President Karzai started levelling increasingly serious charges against Pakistan as part of a well-orchestrated strategy. The foremost motive of this strategy is that Karzai is desirous of winning the hearts and minds of his countrymen. Pakistan-bashing has been an attractive slogan inside Afghanistan for politicians and rulers to rally public support, particularly at a time of a lack of legitimacy. Afghan president Sardar Daud in the 1970s, also resorted to unprecedented anti-Pakistan propaganda and launched the Pakhtoonistan stunt in order to get political legitimacy inside Afghanistan. Because Daud had dethroned the legitimate Afghan King Zahir Shah and had usurped power. So, in order to cultivate a political constituency and to get legitimacy, he adopted a profoundly anti-Pakistan stance. Karzai seemingly is replicating Daud's tested strategy for internal consumption. Karzai would have to relinquish power at the end of his second presidential stint early next year. Although under the Afghan constitution he cannot be elected for a third term, but to be known as a "successful" president and "architect of a new Afghanistan" he needs to do something and the soft target, as always, is Pakistan. This does not mean that Pakistan has never been negatively engaged in Afghanistan. However, accusing Islamabad for Kabul's own incapacity and failure has been an important tactic and feature of Afghan rulers.

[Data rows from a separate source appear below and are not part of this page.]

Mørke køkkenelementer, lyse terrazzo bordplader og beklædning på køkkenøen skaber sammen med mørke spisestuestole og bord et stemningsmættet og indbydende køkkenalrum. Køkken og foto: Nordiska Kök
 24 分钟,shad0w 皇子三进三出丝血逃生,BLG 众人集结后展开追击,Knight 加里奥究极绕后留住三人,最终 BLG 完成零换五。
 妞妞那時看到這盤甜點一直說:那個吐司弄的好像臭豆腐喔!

To be known as a "successful" leader inside Afghanistan is also important for the extended members of Karzai's clan to have any fair chances of introducing another presidential candidate in the Afghan political arena. On its part, Pakistan has been coming up with plans and strategies to bring peace to the war-ravaged country, but the Afghan rulers never allow Islamabad to implement it effectively, while at the same time considering Pakistan as a key to the Afghan peace process. For instance, in 2006, Pakistan had successfully negotiated a peace plan with Mustapha Zahir Shah, the grandson of the late King Zahir Shah. According to the peace plan, Mustapha would have had to play an instrumental role in a newly launched peace initiative. He would also have had to occupy a key place in the new dispensation comprising all ethnic groups of Afghanistan. The plan envisaged that Pakistan would help bring a consensus political dispensation in Kabul, comprising all ethnic groups, simultaneously ensuring its stability, dismantling the feared militant infrastructure and carefully combing its security apparatus to avert the risk of radicalism. However, the vested interests of Karzai, threw a spanner in Islamabad's works.

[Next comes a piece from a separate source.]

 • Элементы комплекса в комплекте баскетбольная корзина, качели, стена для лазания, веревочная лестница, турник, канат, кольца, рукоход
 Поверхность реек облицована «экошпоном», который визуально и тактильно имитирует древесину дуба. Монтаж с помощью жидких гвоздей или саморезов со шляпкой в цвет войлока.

Now the irrational accusation from Karzai and Kabul will also torpedo the understanding reached between Pakistan and Afghanistan a few months back, of forging an unprecedented level of cooperation which would have culminated in the signing of a strategic partnership between their two countries in six months, or next autumn.

The situation today in Afghanistan is so adverse that Karzai and his administration have to be careful in dealing with Pakistan; instead of personal and vested interests they will have to enter into a meaningful dialogue with Pakistan and the Afghan insurgent groups. Otherwise the situation in Afghanistan will get worse; the immediate and ultimate sufferers will be the common Afghans, instead of Karzai or his intelligence chief, and hangers-on.